──────── DATA UNDER STUDY ────────

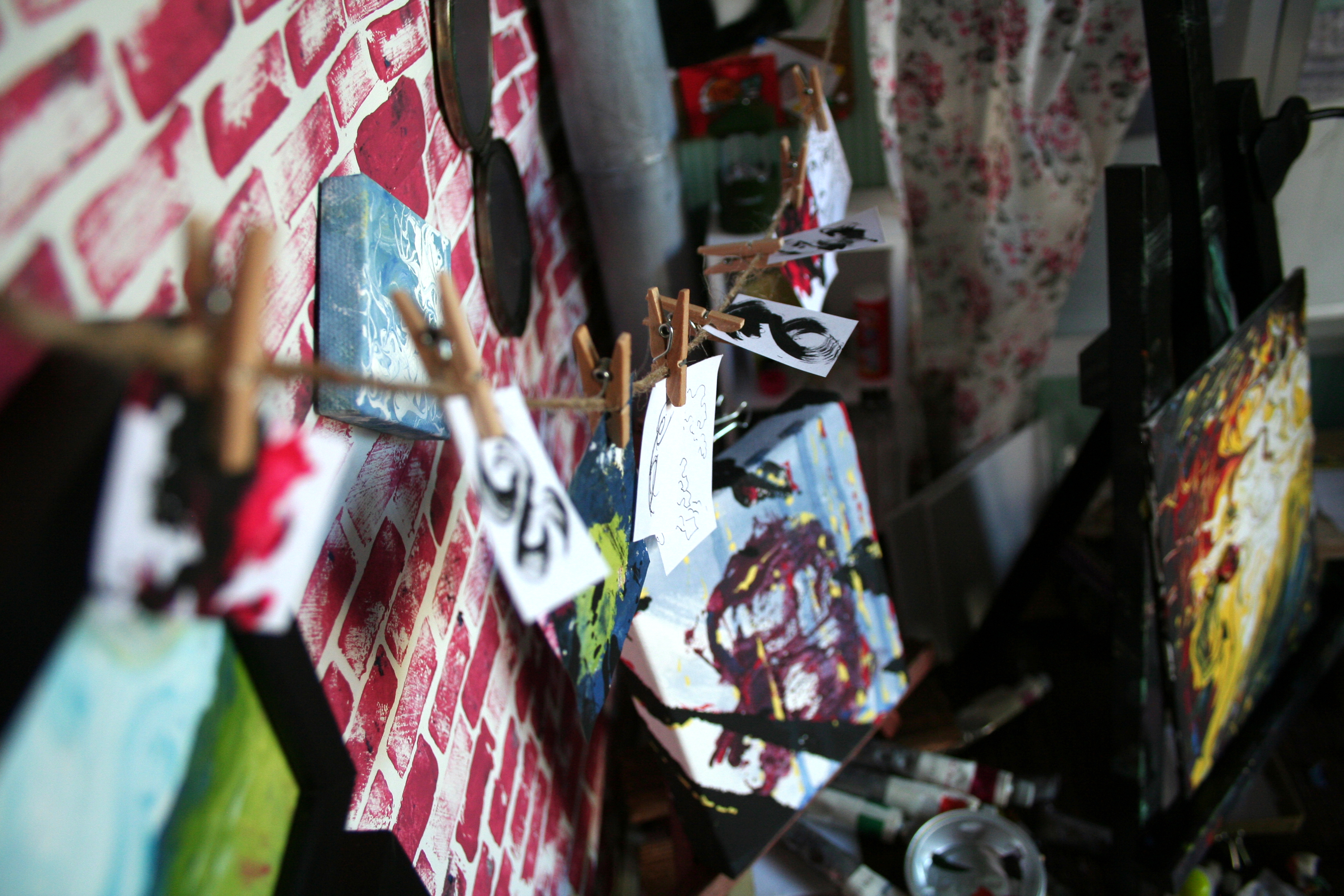 IMG_1465I made a miniature set of an artist’s studio! It was so much fun to make. There was a lot of scouring for tiny things, tons of hot glue, and making of small paintings and drawings. I hope you enjoy!
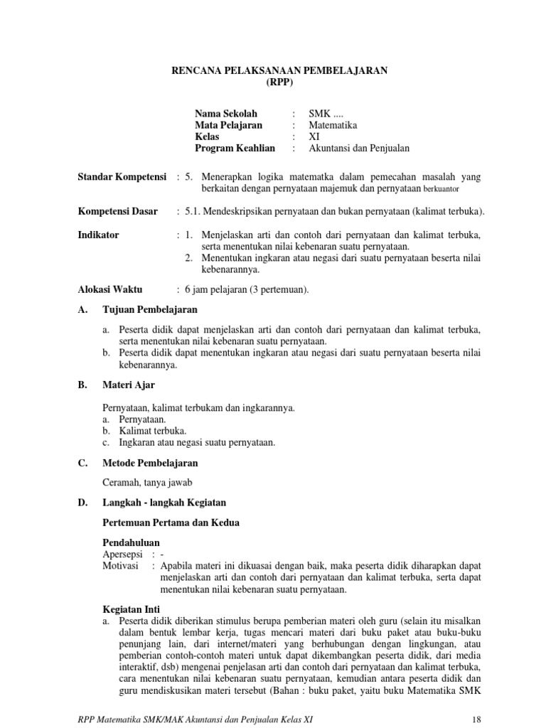 Download Rpp Mata Pelajaran Matematika Smk Kelas X Xi Xii Kurikulum 2013 Revisi 2017 2018 Semester 1 Dan 2 Jurusan Teknik Non Teknik Rpp 1 Lembar Download Rpp Smk Kurikulum 2013 Revisi 2017 2018 2019 2020
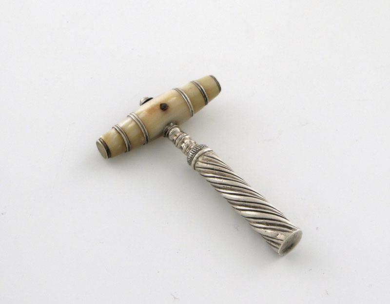 An early 19th century silver mounted and mother-of-pearl corkscrew
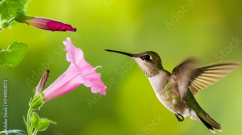 © bo tang, Naklejka premium Ruby-throated Hummingbird (Male) with a Mandevilla Flower
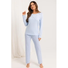 Piżama damska 708 J/25 to doskonały wybór dla kobiet ceniących wygodę i subtelny styl. Zestaw został uszyty z wysokiej jakości, 100% bawełny, która jest miękka, przewiewna i przyjazna dla skóry. Góra kompletu to klasyczna koszulka z długim rękawem, półokrągłym dekoltem i nadrukiem na przodzie. Całość uzupełniają wzorzyste, długie spodnie o luźnym kroju, które zapewniają swobodę ruchów i komfort przez całą noc.
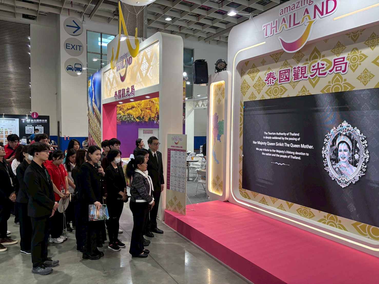 在開幕儀式上,泰國觀光局台北辦事處處長 莎莉蔓(Ms. Sarima Chindamat),偕同 泰國貿易經濟辦事處副代表蘇瑾煜(Mr. Suchin Yook) 及泰國觀光局東亞區副處長 Mr. Krida Srisomwong,共同於展館現場舉行莊重儀式,向日前辭世的泰國王太后致上最深切的哀悼與敬意。
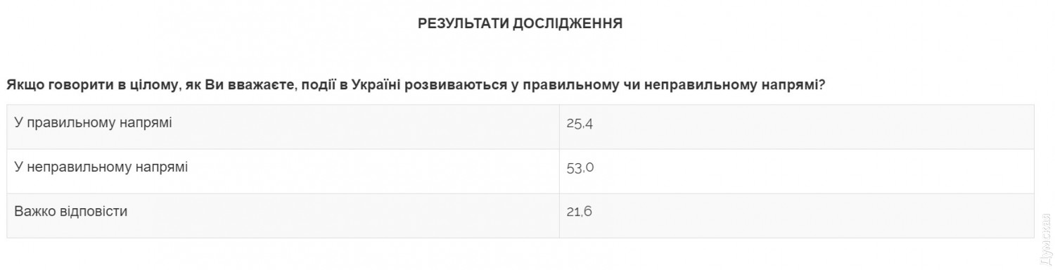 Количество украинцев, недовольных ситуацией в стране, за полгода выросло втроеЦентр Разумкова провел социологическое исследование на тему того, как украинцы оценивают ситуацию в стране, насколько доверяют исполнительным и правоохранительным органам, и как оценивают работу правительства. Результаты показали, что только 25% граждан считают, что события в стране развиваются в правильном направлении. В сентябре 2019 года таковых было 57%, а в декабре – 44%. При этом более половины украинцев – 53% уверены, что события развиваются в неправильном направлении. Для сравнения: в сентябре прошлого года недовольных было всего 17%, а в декабре – 36%. Также уменьшилось количество людей, которые верят, что Украина сможет преодолеть существующие проблемы и трудности в ближайшие несколько лет. Сейчас позитивно настроенных всего 21%, хотя еще в сентябре их было почти вдвое больше – 41%. Что касается уровня доверия населения, то по этому показателю лидируют Вооруженные Силы Украины — им доверяет 69% граждан. Немного ниже доверие к ГСЧС – 65%. А Государственной пограничной службе и Нацгвардии доверяют 60% жителей страны. При этом лидером в рейтинге недоверия оказались чиновники. Им не верит 77% респондентов. За ними следует судебная система – 76%, местные суды – 71%, прокуратура – 68% и Специальная антикоррупционная прокуратура – 66%. НАБУ не доверяет 65% наших сограждан, а правительству Украины — 64,5%. С поддержкой правительства дела обстоят не лучше. Полностью поддерживают его деятельность только 6% людей, а не поддерживает – 51%. Аналогичная картина с поддержкой премьер-министра Украины Алексея Гончарука. Полностью поддерживает его лишь 6% украинцев, а не поддерживает – 52%. Уровень доверия к правительству сильно снизился за последние полгода. Если в сентябре 2019 года ему верили 57% респондентов, то сейчас таковых осталось только 28%. Отметим, исследование проводилось с 13 по 17 февраля 2020 года. Было опрошено 2018 респондентов в возрасте от 18 лет во всех регионах Украины, кроме Крыма и оккупированных территорий Донбасской и Луганской областей. СМЕРТЬ РОССИЙСКИМ ОККУПАНТАМ! Заметили ошибку? Выделяйте слова с ошибкой и нажимайте control-enter |
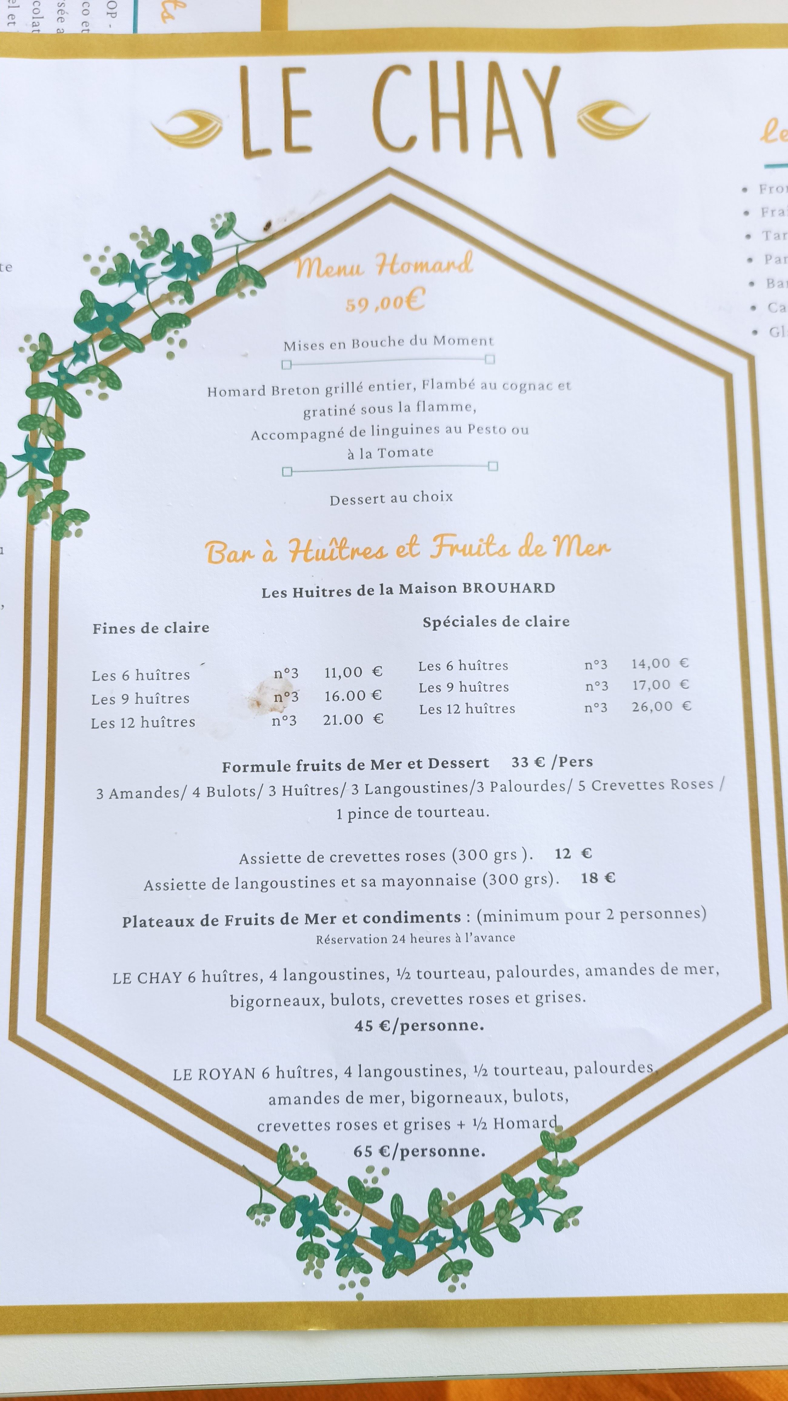 Nous apprécions beaucoup cet endroit qui bénéficie d une magnifique vue sur la plage du Chay. Le personnel est attentionné et très agréable. Les salades sont copieuses, le menu du jour très abordable, et vous pouvez vous régaler avec le menu homard... De quoi ravir tous les budgets !
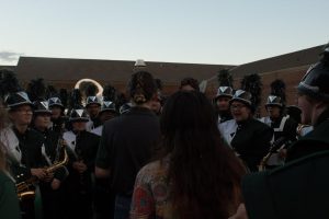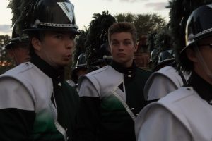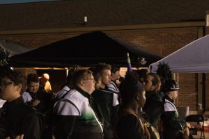 Marching Trojans waiting outside of field after performance
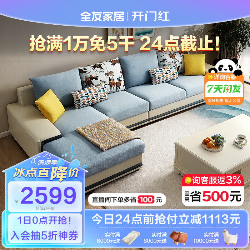 全友家居 现代简约家用大户型贵妃转角沙发客厅实木架布艺沙发102085价格:3712.86元!
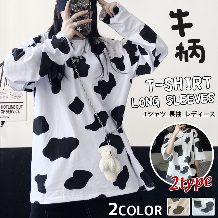 Tシャツ 半袖 レディース カットソー トップス 牛柄 ゆったり 体型カバー カジュアル ホワイト 可愛い ダルメシアン 干支柄 男女兼用 長袖タイプ追加 春夏
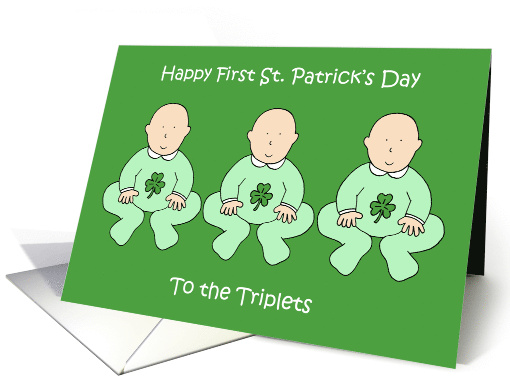 | Artist Notes: | A simple illustration of three cute babies siting in a row wearing pale green outfits with shamrock decorations on them. The words 'Happy First St. Patrick's Day to the Triplets' accompany the image. |
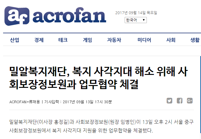 [아크로팬] 밀알복지재단, 복지 사각지대 해소 위해 사회보장정보원과 업무협약 체결
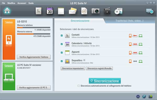 Funzionalità avanzateTrattandosi di un telefono di fascia medio-bassa, questo LG S310 non offre molte funzionalità avanzate. Sono comunque presenti la connettività USB e bluetooth che permettono lo scambio dati con altri dispositivi e lo pongono un gradino più in alto dei cellulari "entry level". LG mette a disposizione gratuitamente una suite per PC, dal nome di "LG PC Suite", che consente di amministrare i dati utente presenti sul telefono, una volta collegatolo ad un PC. Grazie a tale software è possibile leggere e modificare le voci della rubrica, gestire gli SMS salvati, gli appunti di testo ed il contenuto multimediale presente nella memoria interna ed esterna del telefono. Si tratta di una possibilità da non dare per scontata, in quanto addirittura molti smartphone odierni non hanno nessuna suite di gestione da PC, costringendo gli utenti a collegarsi a internet anche per operazioni ormai comuni come la sincronizzazione dei contatti. L'S310 può comunque essere collegato ad un PC anche in modalità "archivio" per funzionare come una qualunque pendrive o come un card reader (vista la presenza dello slot microSD), senza bisogno di driver specifici (l'ho testato personalmente su sistemi operativi più vecchi di 10 anni!). Pur non essendo dotato di connettività 3G o di supporto WiFi, è comunque possibile collegarsi ad internet con il LG S310 mediante una connessione GPRS, almeno per utilizzi basilari come controllare le e-mail o ricevere aggiornamenti sui social network (per la navigazione web la velocità di connessione risulterebbe inadeguata, così come il semplice browser integrato).

────────

» TASK DETAILS
The required output is the exact lines from the opening line of the entries through the line with "An early 19th", inclusive, without pictures.

» OUTPUT OF THE EXERCISE
 IMG_1465I made a miniature set of an artist’s studio! It was so much fun to make. There was a lot of scouring for tiny things, tons of hot glue, and making of small paintings and drawings. I hope you enjoy!
 Download Rpp Mata Pelajaran Matematika Smk Kelas X Xi Xii Kurikulum 2013 Revisi 2017 2018 Semester 1 Dan 2 Jurusan Teknik Non Teknik Rpp 1 Lembar Download Rpp Smk Kurikulum 2013 Revisi 2017 2018 2019 2020
 An early 19th century silver mounted and mother-of-pearl corkscrew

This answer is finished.